- Exercise data

▬▬▬▬▬▬

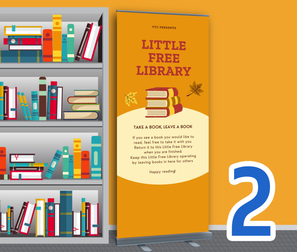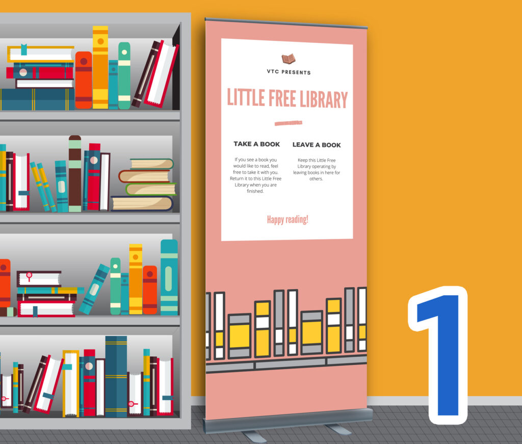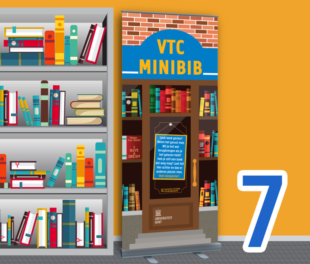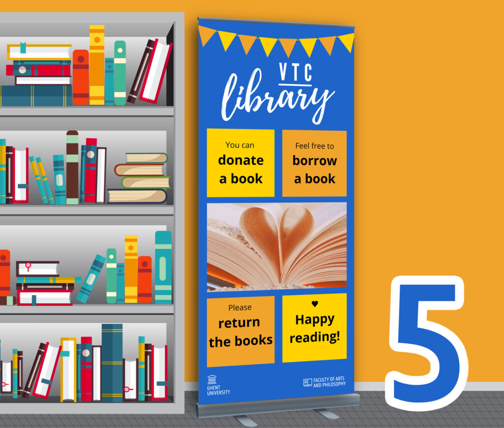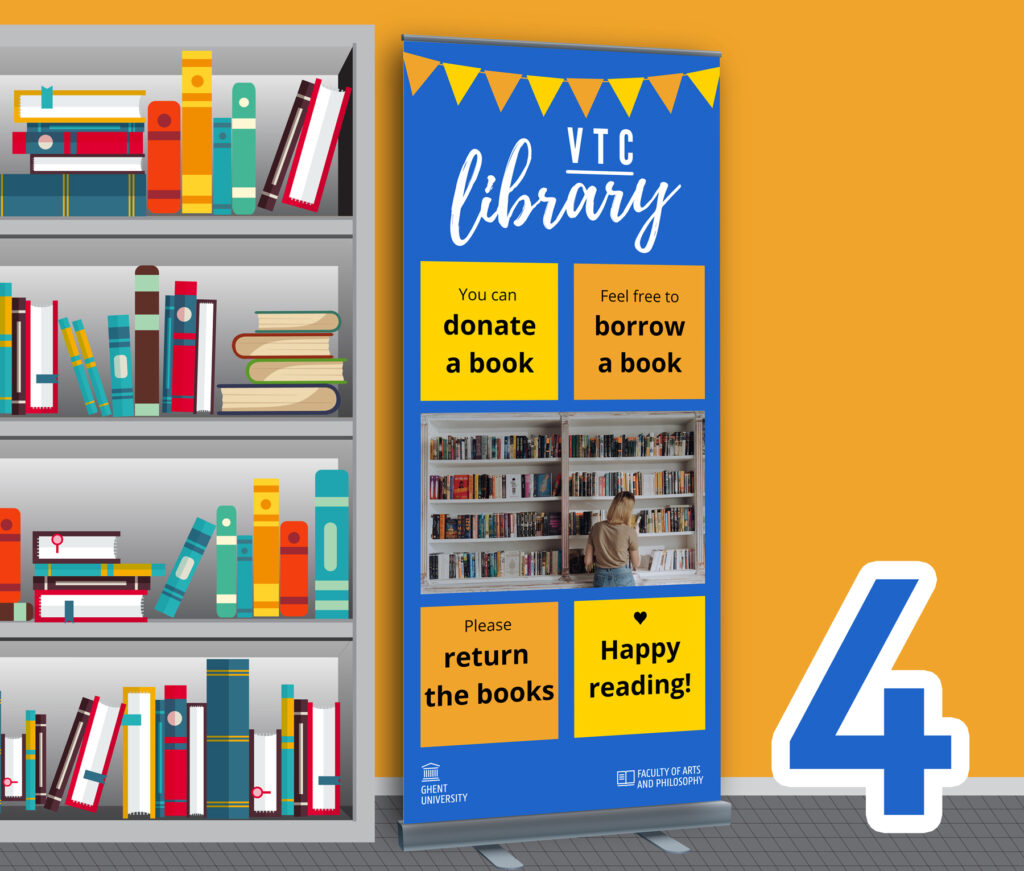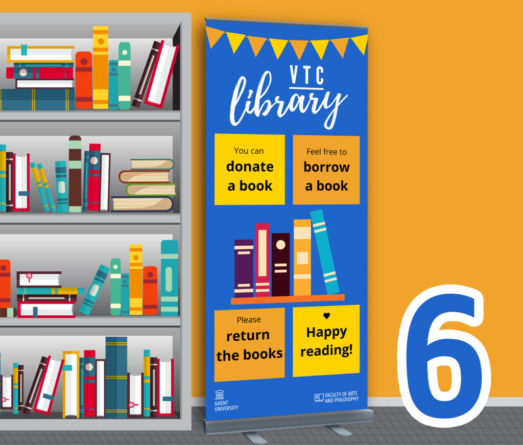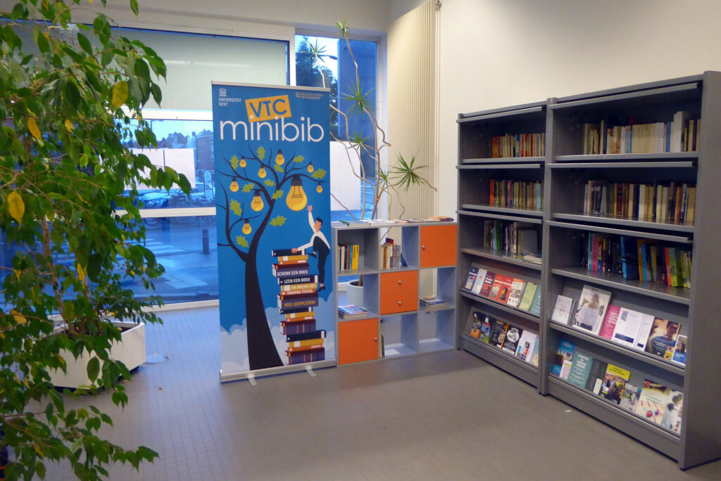 Onze ruilbibliotheek was oorspronkelijk een idee van (toenmalig) studente Nynke Van Roost. Dankzij haar voorstel werd een oproep gelanceerd, waarop studenten en medewerkers massaal boeken en ook kasten doneerden. Parallel werd er nog een ontwerpwedstrijd voor de banner georganiseerd, waar zowel studenten als docenten aan deelnamen, en ten slotte verkozen de studenten hun favoriete banner, die nu netjes staat te blinken bij onze eigen VTC-ruilbibliotheek.
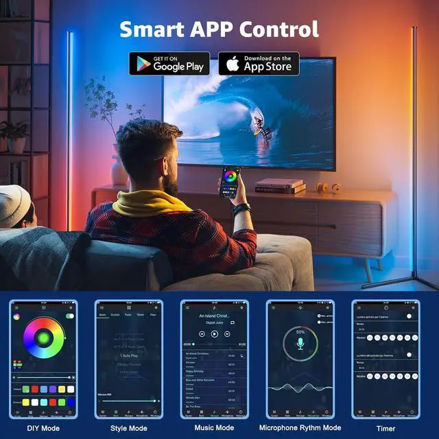 Three Control MethodsRemote controls, app controls and wire switches make it easy to control the led floor lamp. The app allows you to adjust the color, brightness and lighting effects to your liking.
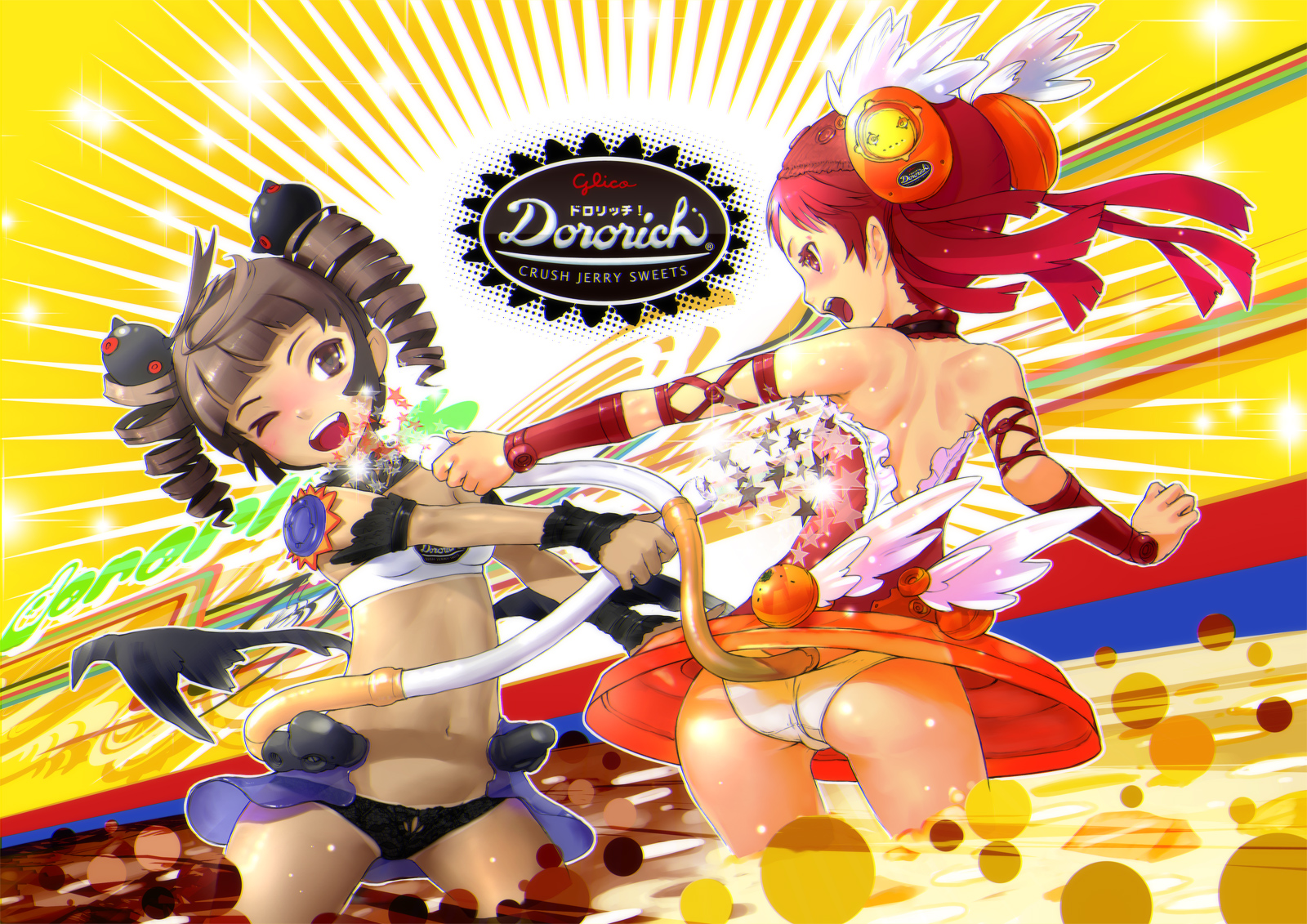 2girlsarm warmersassbackbirdblushbrown eyesbrown haircrowdrill hairflat chestfrom behindgrey eyesgrey hairhairpodsmultiple girlsnavelopen mouthpantiespantyshotred eyesred hairshort hairstar (symbol)tailtantwintailsunderwearwhite pantieswingswink
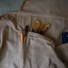 ヴィンテージワークウェアの雰囲気を随所に盛り込んだベーシックなエプロンは、どんなシーン、どんな人にも合う汎用性の高さが魅力。 パートナーとのシェアもおすすめ出来る1枚です。 「フリーサイズへのこだわり」 150cm~180cmまでさまざまな体型のシサムスタッフが着用し、辿り着いたフリーサイズは着る人を選びません。 自分用はもちろん、プレゼントにもお店のユニフォームとしても、フェアトレードを気軽に取り入れていただけます。 外仕事もしやすいよう、しゃがんだ時に床につかない丈にしました。 首紐の長さは3段階に調節可能。 自然素材のコロゾナッツボタンがポイントです。 腰周りの布はジャストでもゆるく結んでも。 体型や服に合わせた着こなしが楽しめます。 「まるでお仕事用のウエストポーチ」 腰部分に配したテーブルワイプホルダー。 セットで展開しているテーブルワイプはもちろん、お手持ちのタオルを通してお手拭きにも。 ゴミが溜まりにくいよう、角を落としたポケット。 さらに前ポケットの中には、スマホ用のポケット、ペンホルダーとはさみホルダーもご用意しました。 一見シンプルに見えて、お仕事用のウエストポーチをつけているような安心感。 モノがポケットの中で泳がないことは想像以上に快適です。 「ステップステッププロジェクト」 sisamのパートナーであるCreative Handicraftsの生産者の多くは、インドのスラム街で暮らす女性たち。 最初はエコバッグや巾着など、比較的簡単な縫製から技術を学んでいきます。 直線縫いからカーブ縫いへ、裏地無しから裏地付きへと少しずつ技術習得をしていくなかで、 小物と服の間に、もう一つステップを作ることができたら。 このエプロンの開発には、そんな大切な理由も込められているのです。 一歩一歩、着実に技術の階段を登ってもらいたいという思いを込めて、「ステップステッププロジェクト」と名付けました。 このエプロン企画は、25周年を迎える私たちsisamのものづくりの在り方を再考するきっかけとなりました。 生産者と私たちの新たなステップステップを、ぜひ一緒に体感してください。 「長く長く大切に使えるものを」 毎日使っていると擦り切れやすい生地端部分は、生地の裏打ちと太番手コットン糸のステッチでしっかり補強。 力がかかりやすい部分にはかんぬき留めを施しました。 私たちはものを長く長くご愛用いただけることもエシカルだと考えています。 作る過程も使う過程もエシカルに。 自分だけのヴィンテージに育っていくのも楽しみですね。 「土に還る素材」 オーガニックコットン生地、コットン糸、コロゾナッツボタンと、全てのパーツが天然素材。 お洗濯の際にマイクロプラスチックを排出しません。 洗濯回数が多いエプロン、そんなところにも配慮しました。 「日常に馴染む3色」 昔からの工場が立ち並ぶ東大阪市で、染色を担ってくれているのが福井プレスさんです。 インドのものづくりと日本のものづくりが重なったエプロン。 手から手へと時間をかけてじっくりと形になりました。 生地は、オーガニックコットンを100%使用しています。 私たちの肌の心地よさだけでなく、地球環境や作り手の暮らしを守る選択肢を。 コットンの栽培法のなかで、今は全体で1%ほどのオーガニック農法が世界に広がっていきますように。
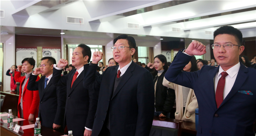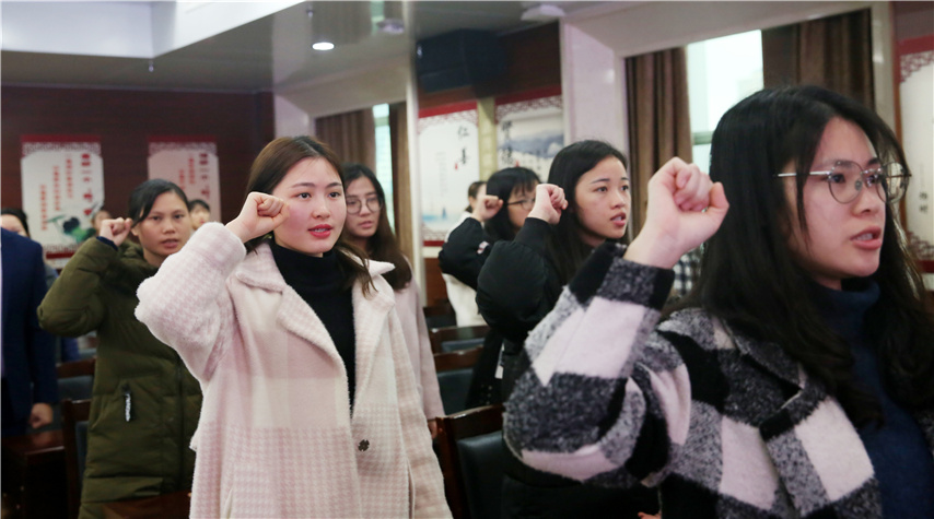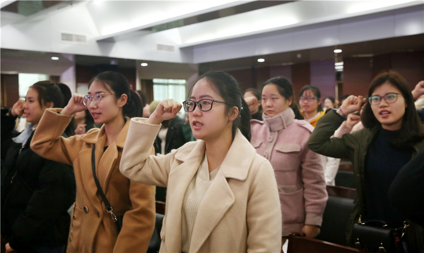 護(hù)理部主任汪莉領(lǐng)誓,全體新生宣讀醫(yī)學(xué)生誓詞。

▬▬▬▬▬▬

- What is required
Go through the listing and restate each line word for word, leaving out the pictures.

- Exercise solution
 Onze ruilbibliotheek was oorspronkelijk een idee van (toenmalig) studente Nynke Van Roost. Dankzij haar voorstel werd een oproep gelanceerd, waarop studenten en medewerkers massaal boeken en ook kasten doneerden. Parallel werd er nog een ontwerpwedstrijd voor de banner georganiseerd, waar zowel studenten als docenten aan deelnamen, en ten slotte verkozen de studenten hun favoriete banner, die nu netjes staat te blinken bij onze eigen VTC-ruilbibliotheek.
 Three Control MethodsRemote controls, app controls and wire switches make it easy to control the led floor lamp. The app allows you to adjust the color, brightness and lighting effects to your liking.
 2girlsarm warmersassbackbirdblushbrown eyesbrown haircrowdrill hairflat chestfrom behindgrey eyesgrey hairhairpodsmultiple girlsnavelopen mouthpantiespantyshotred eyesred hairshort hairstar (symbol)tailtantwintailsunderwearwhite pantieswingswink
 ヴィンテージワークウェアの雰囲気を随所に盛り込んだベーシックなエプロンは、どんなシーン、どんな人にも合う汎用性の高さが魅力。 パートナーとのシェアもおすすめ出来る1枚です。 「フリーサイズへのこだわり」 150cm~180cmまでさまざまな体型のシサムスタッフが着用し、辿り着いたフリーサイズは着る人を選びません。 自分用はもちろん、プレゼントにもお店のユニフォームとしても、フェアトレードを気軽に取り入れていただけます。 外仕事もしやすいよう、しゃがんだ時に床につかない丈にしました。 首紐の長さは3段階に調節可能。 自然素材のコロゾナッツボタンがポイントです。 腰周りの布はジャストでもゆるく結んでも。 体型や服に合わせた着こなしが楽しめます。 「まるでお仕事用のウエストポーチ」 腰部分に配したテーブルワイプホルダー。 セットで展開しているテーブルワイプはもちろん、お手持ちのタオルを通してお手拭きにも。 ゴミが溜まりにくいよう、角を落としたポケット。 さらに前ポケットの中には、スマホ用のポケット、ペンホルダーとはさみホルダーもご用意しました。 一見シンプルに見えて、お仕事用のウエストポーチをつけているような安心感。 モノがポケットの中で泳がないことは想像以上に快適です。 「ステップステッププロジェクト」 sisamのパートナーであるCreative Handicraftsの生産者の多くは、インドのスラム街で暮らす女性たち。 最初はエコバッグや巾着など、比較的簡単な縫製から技術を学んでいきます。 直線縫いからカーブ縫いへ、裏地無しから裏地付きへと少しずつ技術習得をしていくなかで、 小物と服の間に、もう一つステップを作ることができたら。 このエプロンの開発には、そんな大切な理由も込められているのです。 一歩一歩、着実に技術の階段を登ってもらいたいという思いを込めて、「ステップステッププロジェクト」と名付けました。 このエプロン企画は、25周年を迎える私たちsisamのものづくりの在り方を再考するきっかけとなりました。 生産者と私たちの新たなステップステップを、ぜひ一緒に体感してください。 「長く長く大切に使えるものを」 毎日使っていると擦り切れやすい生地端部分は、生地の裏打ちと太番手コットン糸のステッチでしっかり補強。 力がかかりやすい部分にはかんぬき留めを施しました。 私たちはものを長く長くご愛用いただけることもエシカルだと考えています。 作る過程も使う過程もエシカルに。 自分だけのヴィンテージに育っていくのも楽しみですね。 「土に還る素材」 オーガニックコットン生地、コットン糸、コロゾナッツボタンと、全てのパーツが天然素材。 お洗濯の際にマイクロプラスチックを排出しません。 洗濯回数が多いエプロン、そんなところにも配慮しました。 「日常に馴染む3色」 昔からの工場が立ち並ぶ東大阪市で、染色を担ってくれているのが福井プレスさんです。 インドのものづくりと日本のものづくりが重なったエプロン。 手から手へと時間をかけてじっくりと形になりました。 生地は、オーガニックコットンを100%使用しています。 私たちの肌の心地よさだけでなく、地球環境や作り手の暮らしを守る選択肢を。 コットンの栽培法のなかで、今は全体で1%ほどのオーガニック農法が世界に広がっていきますように。
 護(hù)理部主任汪莉領(lǐng)誓,全體新生宣讀醫(yī)學(xué)生誓詞。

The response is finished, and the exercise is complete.